The Princess Bride was one of those old favorites for me. If I couldn't find something new at the video store, I would pick this film. Eventually, we owned it on VHS (ahhh, the glory of VHS), and the case quickly became battered and well worn as we watched it over and over again. I could recite almost the whole film from start to finish. I would run through the house with anything I could find that resembled a sword and yell, "Hello, you killed my father, prepare to die!" It was just such a big part of my childhood, that I felt it was an appropriate place to start with my kids. And, we had just bought it on iTunes and watched it for Valentine's. Let's be honest, there is nothing wrong with watching The Princess Bride two days in a row.

The key was finding a way to entice the kids to watch it. My kids rarely agree on anything when it comes to watching a movie. Plus, they rarely want to watch something not animated. We can talk about all the ways I have obviously failed as a parent later. I'm working on it. I started with my oldest daughter, Eliza. She was going to be the easiest sell. I asked her if she wanted to watch a princess movie. Before I could say anything else, she was on board. No problem. She loves all things princess, and I like to show her princess stuff that isn't Disney. Like Star Wars (wait...well it didn't start out as Disney).

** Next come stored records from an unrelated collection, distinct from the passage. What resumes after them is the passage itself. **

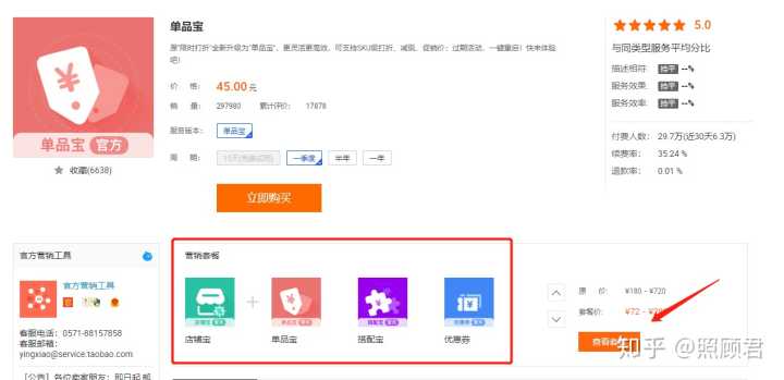 随便点击一个软件,比如单品宝,在定购页面的下方:
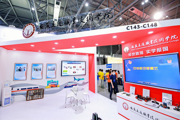 轨道交通、航空、航海、道路建设......作为安徽省唯一一所交通运输类高职院校,安徽交通职业技术学院展台上集纳了多种交通元素,展现了学校完善的“车、轨、邮、海、陆、空”现代综合交通专业人才培养体系。
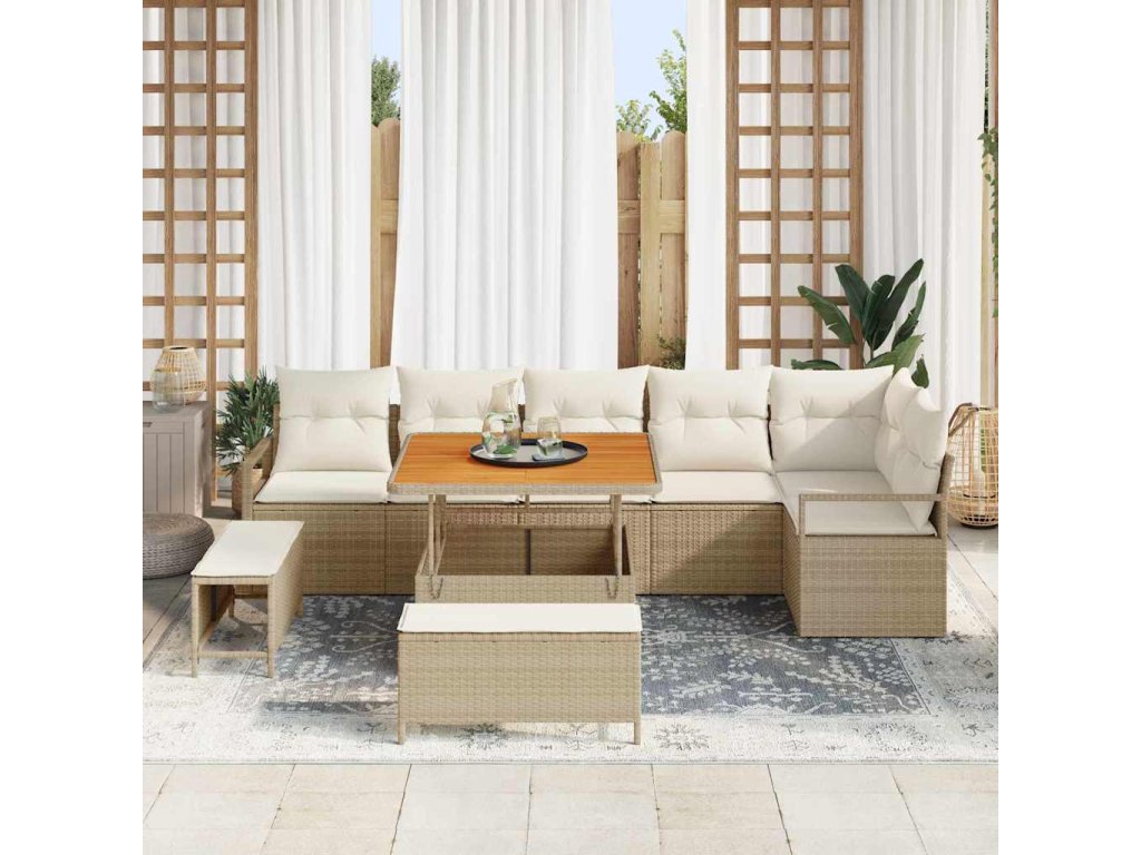 Sada zahradních pohovek s polštářem 9 pcs Béžová Poly ratan 3362536
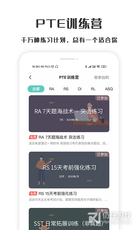 1、萤火虫PTE操作简单,课程丰富,用户可以在手机端享受系统化的考前复习和模拟测试,通过不断练习提升知识水平,在考试时才能有更好的发挥。app还包含了大量听力、写作题型,随时随地强化训练
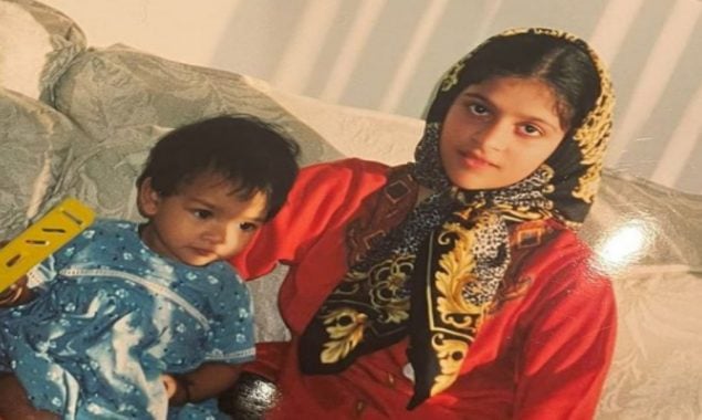 خال ہی میں اریج فاطمہ کے انسٹاگرام اکاؤنٹ کے ذریعے ان کی پچپن کی ایک یادگار تصویر شیئر کی گئی تھی جس میں وہ لال فراک اور کالے رنگ کا اسکارف پہنی ہوئی ہیں۔
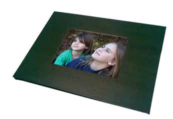 capa dura revestida em diversas cores, com uma janela central
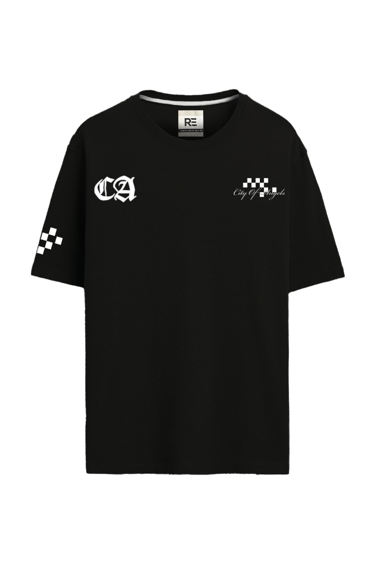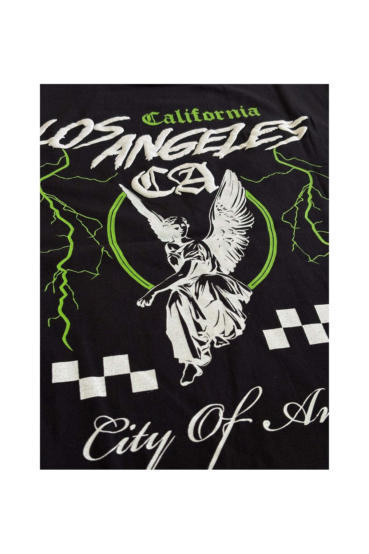 This tee features high-definition prints, embroidery, and non-PVC printing techniques that highlight the bold City of Angels artwork. The front showcases minimal yet edgy typography with CA and checkered accents, while the back displays an angelic figure surrounded by striking graphics and vibrant lightning motifs.
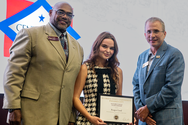 “Their research sought to understand how engagement could become the long-term culture of FSU Panama City, and how engagement fosters a sense of belonging in our students,” said Associate Dean Irvin Clark, who presented the award during a luncheon on Nov. 19. “There’s a lot more to the learning paradigm than the four walls of a classroom. (Reagan) has taken the student engagement model to a whole other level.”

Next, I had to convince my oldest child, Johnny. I wasn't sure how to do it. I knew he would love the movie, but he had to get past all the kissing and stupid stuff like that.  Then I remembered the way the Grandpa in the film convinced the Grandson to listen to the book. I asked Johnny if he wanted watch a movie with sword fighting, and giants, and a fire swamp, and pirates. He just kept getting more and more excited as I added more things to what was in the film. He was sold. The other kids would fall in line as long as the oldest 2 were on board.

Then we started the film. At first, I think Johnny agreed with the Grandson. He thought I had tricked him. Eliza loved the whole "As you wish" thing and started repeating it over and over. Except when I asked her to do something for me. Then she only remembered how to say no. Apparently she doesn't love me. Johnny was about to be bored and ready to walk away, about the time that Buttercup runs into the 3 kidnappers. Now, i am going to assume that most of you have seen this film, so I am going to be pretty free with any spoilers. Anyway, as they kidnapped the princess, Johnny was suddenly interested again. When she jumped overboard and the eels started circling her, both Johnny and Eliza were on the edge of their seats.

Johnny thought the Man-in-Black was pretty much the coolest guy ever as he beat Inigo in their awesome sword fight, and then when he beat Fezzik. Johnny thought he was pretty much a superhero at that point. Eliza was thrilled when he turned out to be Westley, because she thought he had died. I thought that was funny, because I always thought that it was pretty obvious that he was Wesley from the beginning. I guess not when you're a kid and this is the first time you have seen the show. They enjoyed every minute of the film, and something fun happened as we watched it. We all started out in different spots on our sectional, but by the end, we were all cuddled up together.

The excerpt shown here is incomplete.